Service Number: Officer, no number.

Colony or State of enlistment: Not applicable, Place of Enlistment: Dublin, Ireland

Unit: Royal Dublin Fusiliers

Rank attained in Boer War: LT, Date Effective: During war

Highest Rank attained (if served after war): CPL, Date Effective: 28/04/1915

Murray Page: Not applicable, did not serve in an Australian unit.

Contingent: Not applicable.

Ship: Not known

Memorial details: Fusilier's Arch, Dublin, Ireland

Decorations: Queen's South Africa Medal with clasps, 1915-1915 Star, British War Medal, Victory Medal

Personal Characteristics: Height: 1.85 m, Weight: 76.2 kg (1915). My grandfather served in the Boer War enlisted in the Royal Dublin Fusiliers, Ireland which was then part of the UK so was not there as part of the Australian contingent. He reached the rank of Lieutenant whilst on active service until 1905 and then 2nd Lieutenant as a Reservist until his resignation in 1910.

Reasons to go and fight: Not known. May have been for family reasons, adventure or employment or all three.

Details of service in war: On 20 October the 2nd Dublins took part in the first major battle of the war, at Talana near Dundee. The Boers had appeared on Talana Hill in the early morning and after they launched a few shells at Dundee, the garrison responded and attacked the hill. The 2nd Dublins took part in the attack and, after some fierce fighting, removed the Boers. They suffered heavy casualties in the process, losing, amongst others, Captain Weldon, the first officer of the Dublins to be killed in the war. The British had to abandon Dundee soon afterwards, withdrawing to Ladysmith. The Boers besieged the town in late October.

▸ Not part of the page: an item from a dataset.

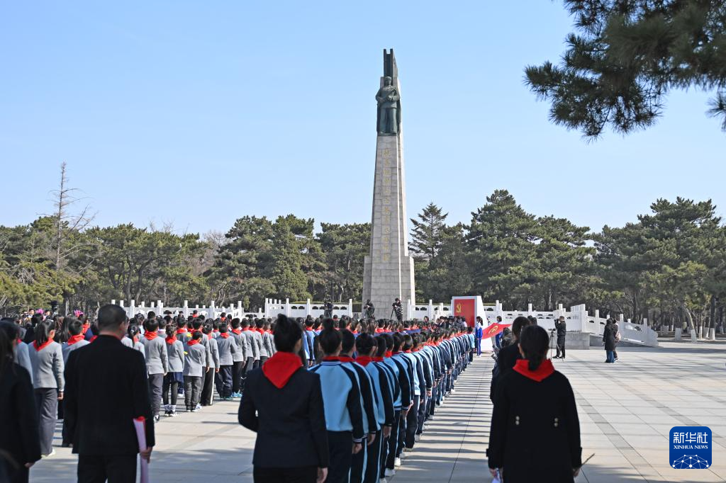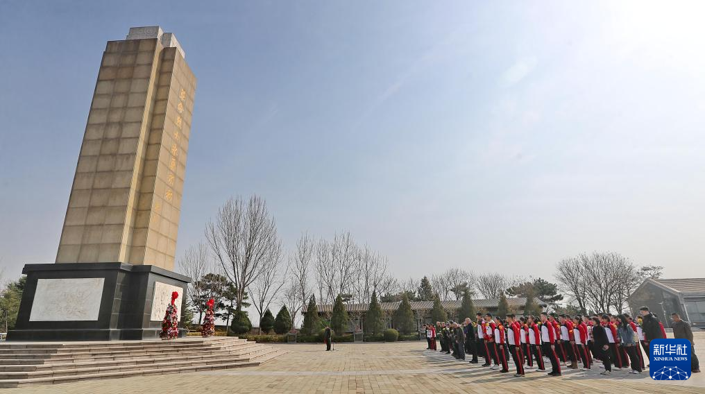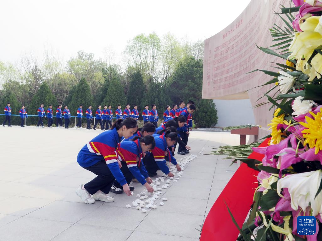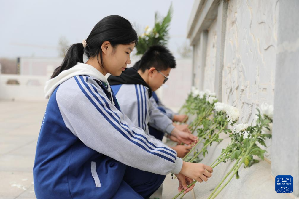 4月1日,山东省乐陵市开元中学学生在冀鲁边区革命纪念园烈士纪念碑前敬献鲜花。

On 30 October the garrison's commander, Sir George Stuart White VC, ordered an attack on Lombard's Kop which the Dublin Fusiliers took part in.

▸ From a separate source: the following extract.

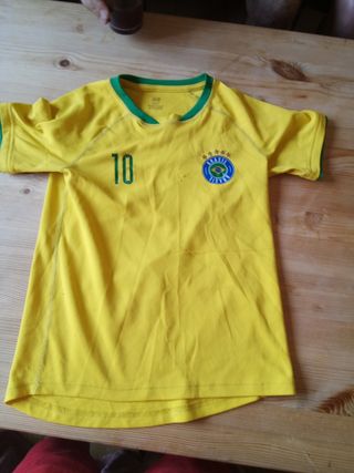 Preciosa camiseta de fútbol de la selección brasileña. Es de color amarillo y verde, y luce el número 10. Está en buen estado, aunque presenta algunas señales de uso. - Talla: No especificada en la imagen. - Diseño: Con el logo de Brasil y el número 10.

On 15 November 1899, a detachment of Dubliners and the Durban Light Infantry were garrisoning an armoured train operating from Estcourt with the objective of monitoring Boer movements. The Boers ambushed them on their return and a section of the train was de-railed in the chaos. Among the passengers was Winston Churchill, then a war correspondent accompanying the detachment, who helped load the train engine with wounded before it made an escape attempt, pushing through the de-railed section that blocked its path and making it through safely. The remaining troops put up a stout defence until they were eventually compelled to surrender, including Churchill who had returned to the remaining defenders. Churchill later made a successful escape attempt from his prison in Pretoria. He wrote glowingly of the gallantry displayed by the Dublin Fusiliers and the other troops that were present during the ambush.

The Dublin Fusiliers actively took part in the efforts to lift the Siege of Ladysmith, which lasted from 30 October 1899 to 28 February 1900. On 15 December the 2nd Dublins took part in the Battle of Colenso. The Dublins were part of the 5th Brigade (known as the Irish Brigade) who crossed the wrong part of the Tugela River and suffered heavy casualties in the process. The battle was a defeat for the British forces and became part of a notorious period for the British in the war, known as "Black Week". The defeat, however, did not discourage further attempts being made. The Dublins did not participate in any more attempts until January 1900 when they took part in the Tugela campaign, collectively known as the Battle of the Tugela Heights. February saw the Dublins take part in heavy fighting before, on 27 February, they supported the Royal Irish Fusiliers in their final charge on Pieter's Hill, suffering heavy casualties though taking the position. This victory led to the siege of Ladysmith being lifted the following day by cavalry, with the main force of infantry arriving on 3 March. For their bravery, Queen Victoria decreed that a sprig of shamrock be adorned on the headdress of Irish units on St Patrick's Day to commemorate their actions in South Africa. This tradition remains in existence.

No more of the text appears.